### [AVAILABLE DATA]
==================================================
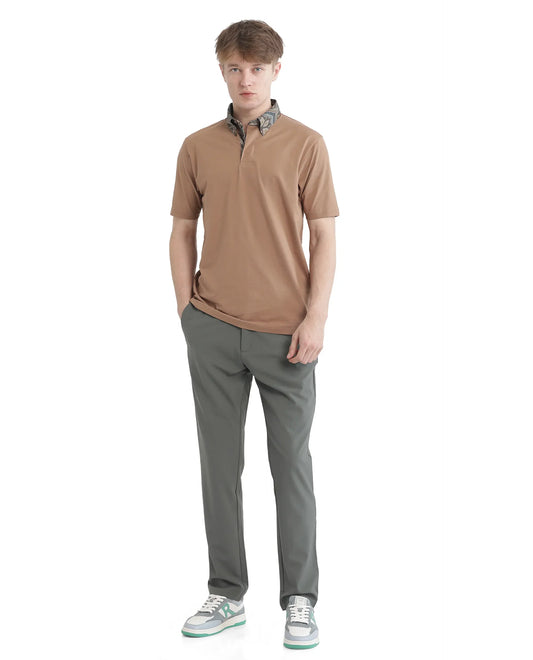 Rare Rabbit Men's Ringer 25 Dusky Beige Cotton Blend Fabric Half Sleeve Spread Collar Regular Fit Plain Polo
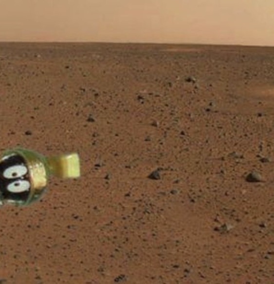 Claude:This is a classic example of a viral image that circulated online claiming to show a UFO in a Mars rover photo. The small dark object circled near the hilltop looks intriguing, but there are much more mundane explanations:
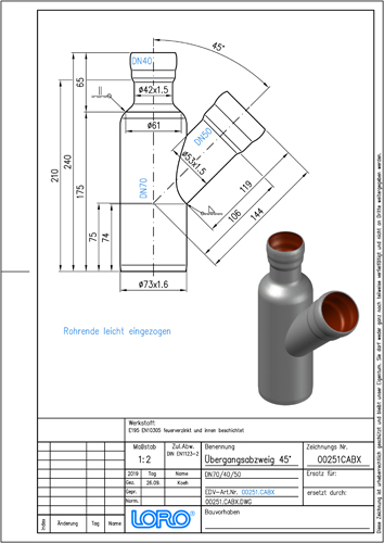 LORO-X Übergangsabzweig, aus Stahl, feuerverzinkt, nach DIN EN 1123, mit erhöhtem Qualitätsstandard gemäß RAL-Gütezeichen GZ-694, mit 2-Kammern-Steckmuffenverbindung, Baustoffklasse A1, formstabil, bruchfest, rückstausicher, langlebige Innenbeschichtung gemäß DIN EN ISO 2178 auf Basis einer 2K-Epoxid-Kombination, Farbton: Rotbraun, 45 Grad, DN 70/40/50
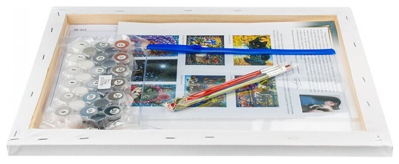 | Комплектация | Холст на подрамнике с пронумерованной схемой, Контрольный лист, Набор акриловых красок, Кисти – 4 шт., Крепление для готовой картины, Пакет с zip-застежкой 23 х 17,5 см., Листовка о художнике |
==================================================
### [TASK OBJECTIVE]
Give back the listing word for word, minus its images.

### [FINAL ANSWER]
 Rare Rabbit Men's Ringer 25 Dusky Beige Cotton Blend Fabric Half Sleeve Spread Collar Regular Fit Plain Polo
 Claude:This is a classic example of a viral image that circulated online claiming to show a UFO in a Mars rover photo. The small dark object circled near the hilltop looks intriguing, but there are much more mundane explanations:
 LORO-X Übergangsabzweig, aus Stahl, feuerverzinkt, nach DIN EN 1123, mit erhöhtem Qualitätsstandard gemäß RAL-Gütezeichen GZ-694, mit 2-Kammern-Steckmuffenverbindung, Baustoffklasse A1, formstabil, bruchfest, rückstausicher, langlebige Innenbeschichtung gemäß DIN EN ISO 2178 auf Basis einer 2K-Epoxid-Kombination, Farbton: Rotbraun, 45 Grad, DN 70/40/50
 | Комплектация | Холст на подрамнике с пронумерованной схемой, Контрольный лист, Набор акриловых красок, Кисти – 4 шт., Крепление для готовой картины, Пакет с zip-застежкой 23 х 17,5 см., Листовка о художнике |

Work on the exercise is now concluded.